The specific aims are to:

• test for the presence of statistically significant spatial clusters of excess breast cancer, and to do so at the level of the census tract, ZIP code, and town;
• test for statistically significant spatial clusters of excess breast cancers by diagnostic stage;
• if statistically significant clusters are found, to test whether the excesses at those locations have been consistent and continuous over the study years, or are temporary or sporadic; and
• test whether clusters remain after adjustment for selected social, economic, and demographic measures from the U.S. census, such as race/ethnicity, education, fertility, and economic factors.

The incidence file contains information on 57,560 cases diagnosed between 1982 and 1994, and includes the year, month, and day of diagnosis, the summary stage based on SEER's staging convention (in situ, local, regional, distant, and unknown), race, city/town, ZIP code, census tract, and latitude/longitude of the patient's address.

Analyses will be conducted with data aggregated to census tracts, ZIP codes, towns, along with disaggregated analyses at the level of the individual case using the Spatial Scan statistic to determine whether areas of excess can be "explained" by chance or other covariate information, whether areas of excess are stable over time, or if they vary by diagnostic stage.

GST, Environment Factors And Breast Cancer Risk

Recent epidemiologic studies suggest that genetic polymorphisms of the glutathione s-transferase (GST) may affect an individual's risk of developing breast cancer. The alleged role of GST is hypothesized due to the observation that GST gene products catalyze the conjugation with glutathione of potentially cytotoxic and genotoxic reactive chemical intermediates to yield inactive products, thereby, providing a protective mechanism against cancer development. Since the suggested high-risk GST genotypes commonly occur in the general population, the calculated population attributable risk can be high.

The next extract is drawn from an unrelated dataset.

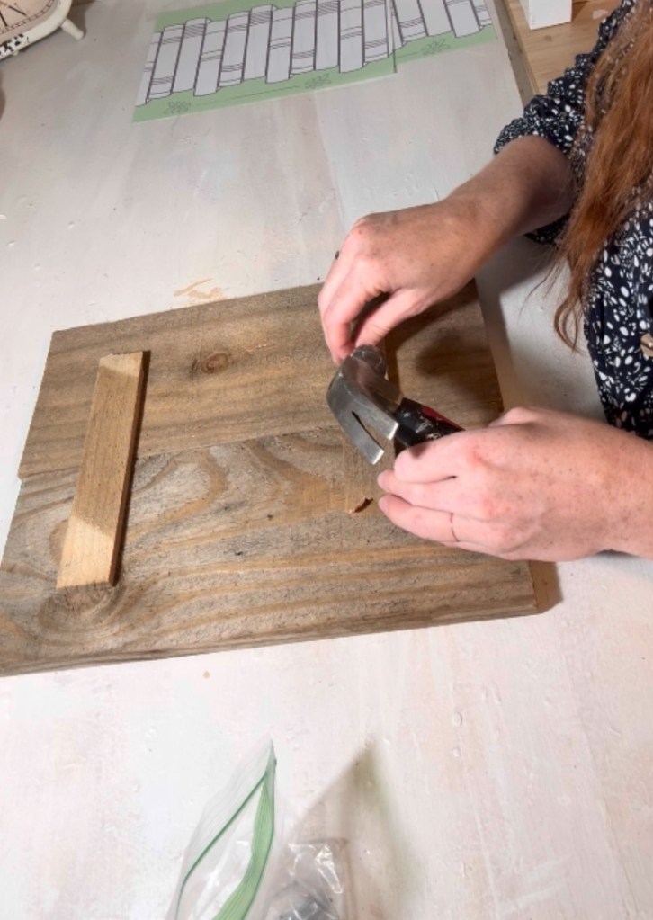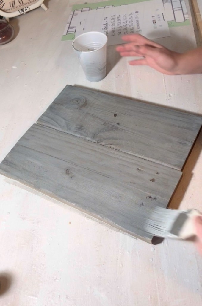 I took a few leftover pieces of junk wood and nailed them together to form a rectangle-shaped sign. To give the wood a softer, more finished look, I painted it with a light gray wash—just enough to let the wood grain peek through.

To confirm the initial reports, a case-control study of GST genetic polymorphisms, environmental factors, and breast cancer risk is being conducted in Connecticut, a state with a high incidence rate of breast cancer. The primary aim of this 2-year study is to examine the association between genetic variability in three major GSTs – GSTM1, GSTT1, and GSTP1, and an individual's susceptibility to breast cancer. Research questions include:

• Is there a lack of, or reduced expression of, these GSTs associated with an increased risk of breast cancer?
• Does the risk of breast cancer increase as the number of putative high-risk GST genotypes increases?
• And do these GSTs modify the association between environmental factors and the risk of breast cancer?

Blood samples, previously collected in a recently completed breast cancer study of 349 women diagnosed with breast cancer (cases) and 363 control women (no breast or other forms of cancer), are being assayed for GST genotypes. Information on environmental exposures, including blood levels of certain pesticides and polychlorinated biphenyls (PCBs), known or suspected breast cancer risk factors, and potential confounding variables have also been collected from all study participants.

Findings from this study will contribute to the determination of whether genetic polymorphisms of GST are associated with breast cancer.